Sara Sokolowska-Katzer - Authorsara.firstname.lastname@example.org
Sara Sokolowska-Katzer - Illustratorsara.email@example.com
Coming to a new country you're the odd one out. I've been in school in 4 countries and every time I end up comparing myself to the “locals”. There is a huge impact of cultural comparison on mental health and self-confidence. This is my perspective and why I think being yourself can feel bad sometimes.
“Be yourself”, they say. Be yourself and everything will work out! Will it though? Being “yourself” can be risky, lonely, or even worse: make you the odd one out. I am an extrovert that would consider myself quite confident in their personality—most of the time—so theoretically I am in a blessed position to be able to easily interact and adapt in a new environment. Although this is true to some extent, I do have to say that being yourself in new social and glocal situations does have some unexpected negative impact.
After graduating from high school, I moved to Belfast, Northern Ireland to study my BSc in Architecture. There I knew the language. I was also familiar with pop-culture and history of that region thanks to my linguistic education in Poland. Yet there came moments when I still felt out of the loop. My micro-expressions differed from those of Northern-Irish background. Their general lifestyle was different to mine. Despite being authentic to myself and what I’m like, I still longed to be accepted and liked by the people coming from the country I moved to. I had a lovely group of friends that probably rarely thought of my differences, but I was giving myself a hard time trying to be more like them. By the end of my three years studying in this Northern-Irish environment I found myself changing my mealtimes to match the UK-dinnertime. I found myself changing my attitude to more banter and less emotional friendships. I caught myself going out on a Tuesday, cause it’s a thing. To a certain level this could be a sort of subconscious and conscious assimilation. It was me slowly “fitting in”. By the time I received my degree, my accent changed to an English-sort-of twang, I was grabbing a chippie round the corner and owned a bottle of self-tan.
When I accepted my KTH offer for my master’s degree, I didn’t think much of this gradual process of “Belfastication”. Actually, I didn’t think much of it until a year later. Not until I realised the same was happening, now in Sweden. “Stockholmisation” if you will.

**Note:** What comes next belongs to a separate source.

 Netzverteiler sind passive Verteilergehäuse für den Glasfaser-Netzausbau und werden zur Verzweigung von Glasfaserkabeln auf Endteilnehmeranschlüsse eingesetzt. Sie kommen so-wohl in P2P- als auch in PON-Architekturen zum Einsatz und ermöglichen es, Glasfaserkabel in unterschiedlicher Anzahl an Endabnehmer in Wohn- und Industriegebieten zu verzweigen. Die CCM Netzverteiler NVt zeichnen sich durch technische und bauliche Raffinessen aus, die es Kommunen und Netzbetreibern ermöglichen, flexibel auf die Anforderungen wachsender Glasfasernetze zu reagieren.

After a year of studying in Stockholm I found myself gravitating towards the colour blue, buying myself cinnamon buns and picking seats in the most empty wagons of the metro. It’s almost embarrassing to admit that after watching many Stockholm-influencers online for those 12 months, I actually considered bleaching my hair more blond. And I already AM blond! I think that’s when it reached a new low. That’s when I realised I was somehow subliminally observing and comparing myself to people I was surrounded by.
Another occurrence I observed is that the closer you become to someone, whether it is a friend or love-interest, the more risk there is in you comparing yourself to those they surround themselves with. In my case I saw their Swedish friends as the “bar” for the look or behaviour I should be matching. This comparison sparked a certain sadness that their deep local roots are something I can never catch up on no matter how much I try. I thought that my lack of their common culture, similar upbringing and language would interfere and create issues in these deep interpersonal connections. This insecurity seemed to grow as time passed. It might seem silly to some that one would even WANT to achieve this level of similarity, however it is a real, though irrational, desolate feeling.

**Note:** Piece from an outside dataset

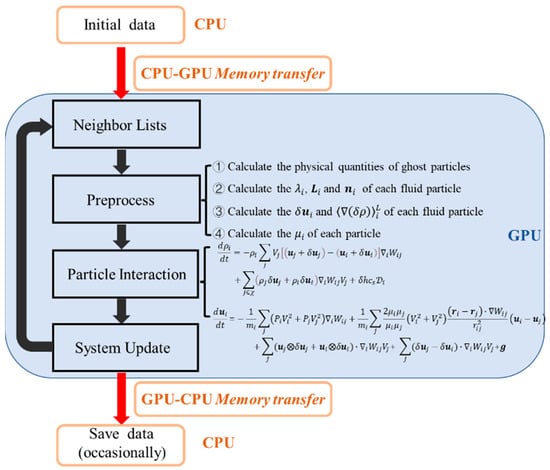 Particle-based methods are often criticized for their high calculation costs [47,48]. Different parallel computing architectures such as MPI [28], OpenMP [49], OpenCL [50], and CUDA [51] are commonly used to alleviate this drawback. Among these parallel computing architectures, CUDA is the most popular framework that can take advantage of the GPU’s computational horsepower. In the present work, we develop a CUDA-based parallel implementation on GPU architecture of the multiphase δ-plus-SPH model. As shown in Figure 4, the model can be split into four main steps: (1) building neighbor lists; (2) computing the physical quantities of ghost particles and the auxiliary variables of fluid particles; (3) solving the momentum and continuity equations; (4) and updating the physical quantities of the fluid particles.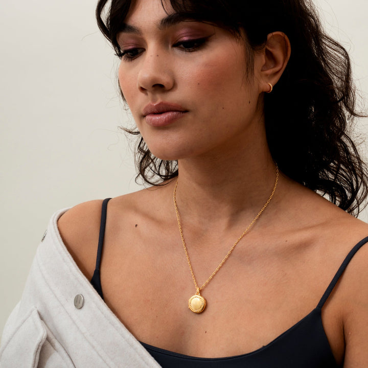 Handcrafted in sterling silver or with yellow gold vermeil finish. Set with four white sapphires. Locket size: 17mm.

Something that took me many conversations to truly accept and realise is that my differences are an advantage. My accent, my journeys and cultural habits are mine to share and not fix.
Now it’s important to note that, what this doesn’t indicate is that change or adaptation is bad. The crossroad of cultures, languages and backgrounds is where we can learn most. However, as long as it’s respectful and harmless, staying true to you and your lifestyle despite the contrasting surroundings is important. Testing out local traditions or adapting to certain customs might help you discover something about yourself or even improve your life. I now see it as a way of testing your virtues, core values and character development. And sidenote: learning Swedish doesn’t make me any less Polish.
Your cultural heritage, your ancestors and language are your assets. Your story is not less or more than another. It just makes you uniquely you. And unfortunately—irony—I have to say that people do tend to be attracted to confidence and self-asserted personalities. Being authentic also makes other people feel comfortable being themselves. I do agree with encouraging “being yourself”, but also add the warning and acknowledgement that it’s not always easy.
So to those who are being authentic to themselves in a place foreign to their origins, I commend you. You are doing something people don’t realise is brave and difficult.